I was recently given the opportunity to take a first look at the Diamond Viper II (Savage 2000 based board) at the S3 campus in Santa Clara, Ca. S3 threw a small party to celebrate the introduction of the S2000 by inviting members of the press to play and test S2000 while there. Although not as optimal having the board in our own lab, I gladly took them up on the offer to get hands on experience with this newcomer. I planned to take some time to play with S2000, talk with some friendly PR folks/engineers and run some early benchmarks.
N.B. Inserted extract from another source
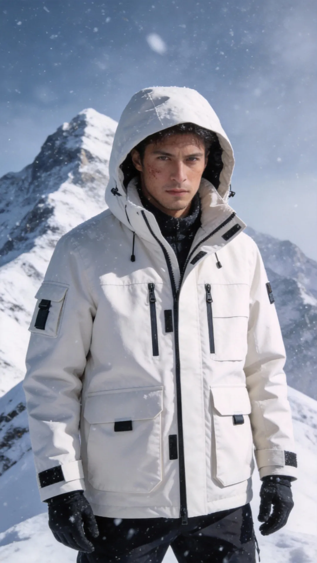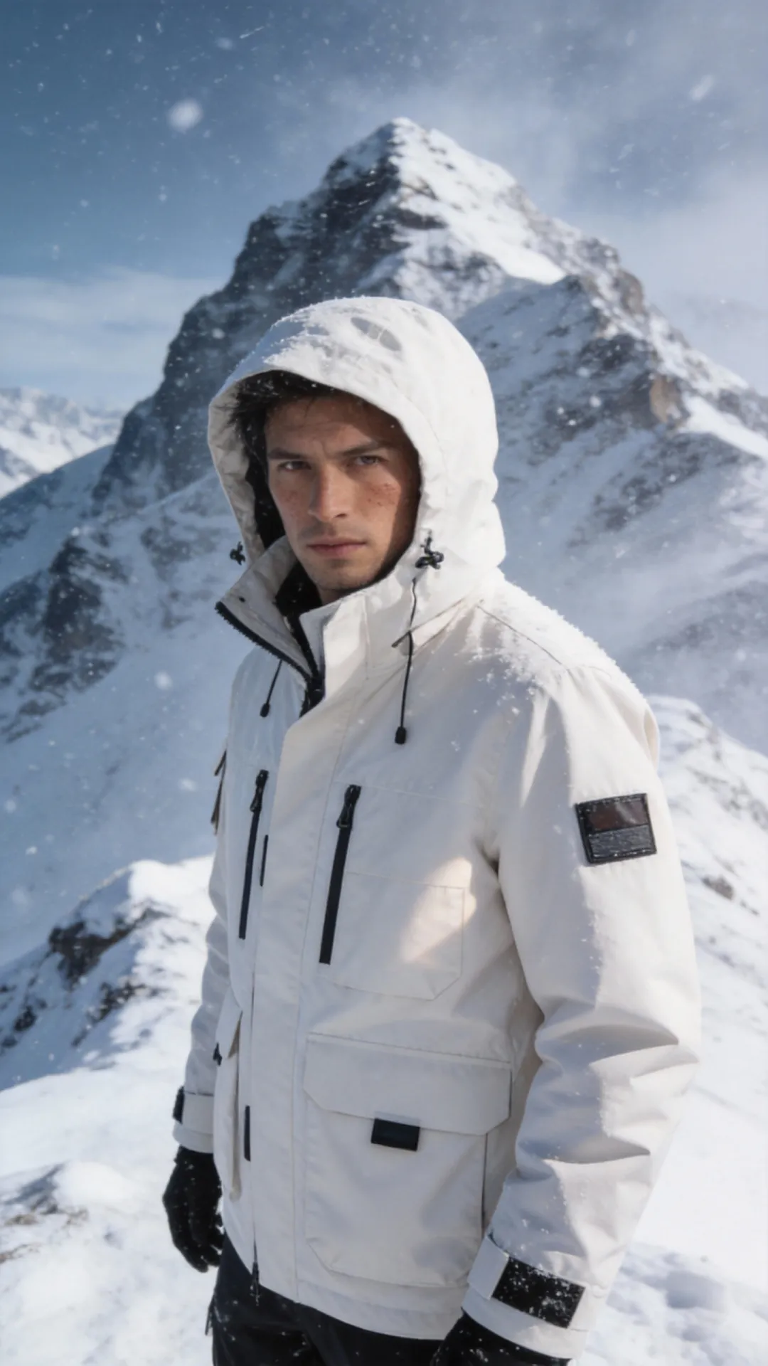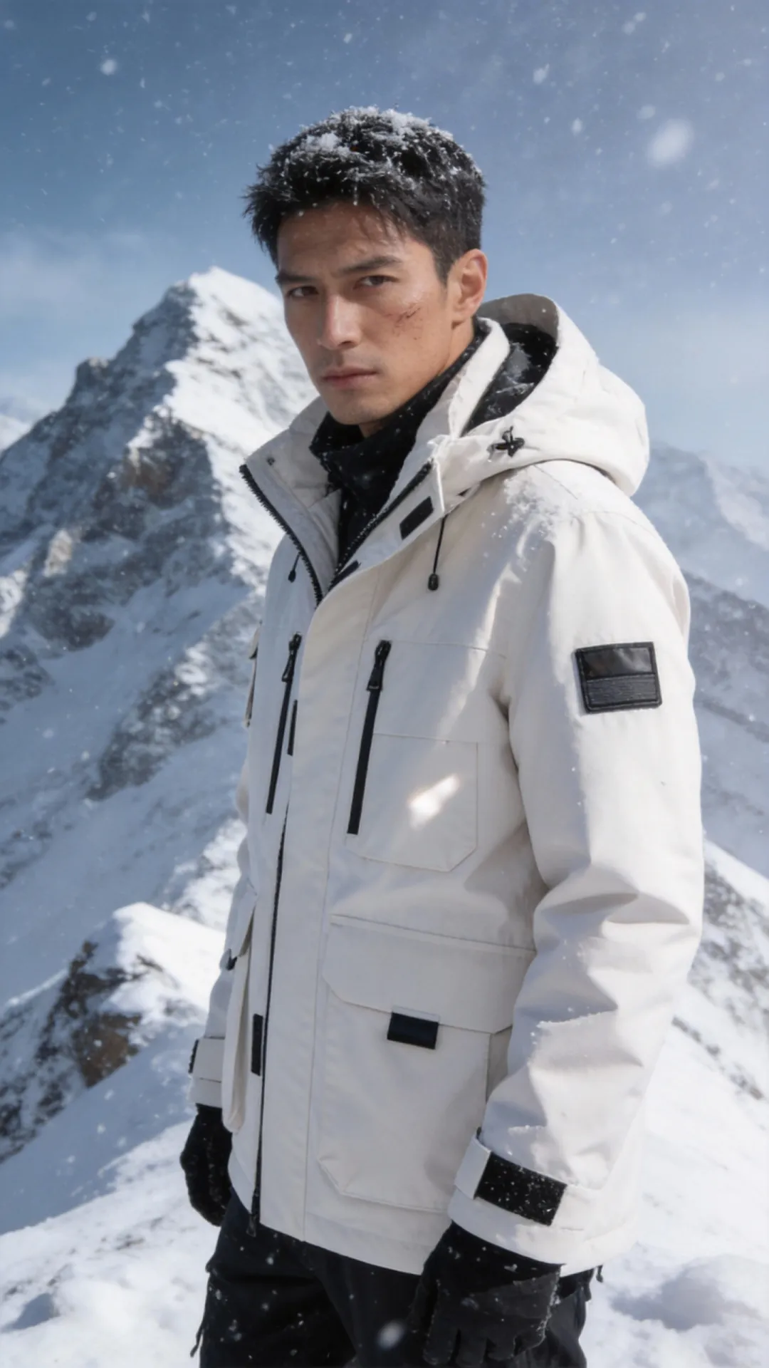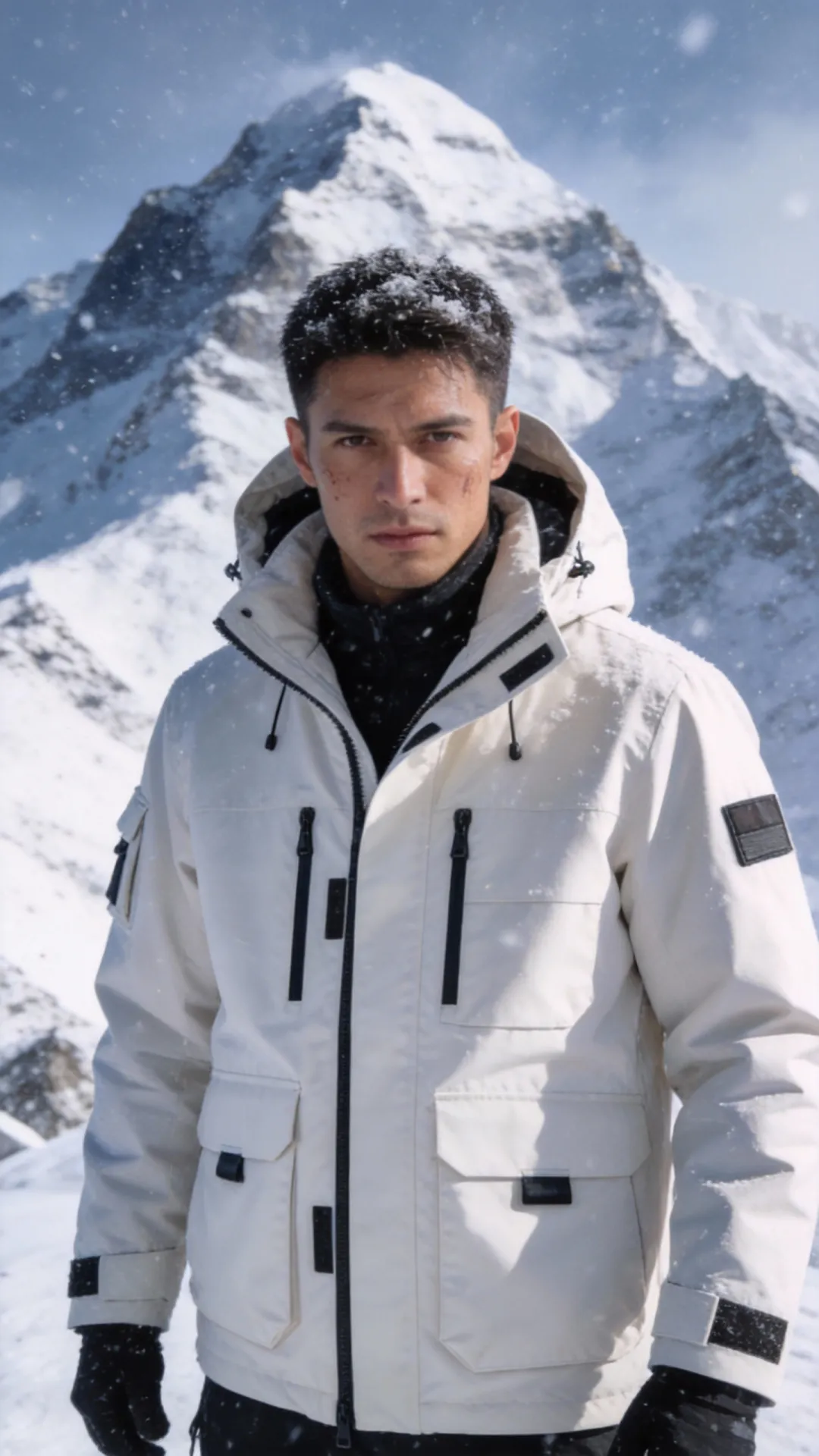 Prompt:户外探险风格,一位男性模特身穿该冲锋衣,站在暴风雪的雪山顶峰,眼神坚毅,面部有风雪痕迹,真实光影。

I'll keep the very technical descriptions and performance breakdown for when we actually have a released board for a no holds barred review.
Savage 2000
So what's all the fuss about this Savage 2000? If you haven't read already, the Savage 2000 will be S3's latest offering that is .18 micron die size, integrated transform and lighting (T & L) supports S3TC, high quality video in/out/encoding/decoding performance (I was told that it would support DTV with an add-on card), high fill-rates (the demo was at 125 MHz core vs. the expected 166 MHz which means 250 Mpixels/s), high memory speeds (the demo was running at 155 MHz vs. the advertised 200 MHz), large frame buffer size (up to 64 MB with a base size of 32 MB on the retail board), "quad texturing" in a single pass, a very competitive price (S3 told me it would release at a cost of $199 contrary what anyone else has assumed on the Nov. 12th release date) and a true OGL ICD upon shipping. It sounds like a tremendous amount of work had to be done to go from the Savage III to something of this caliber and my expectations were very high while investigating what the card could really do.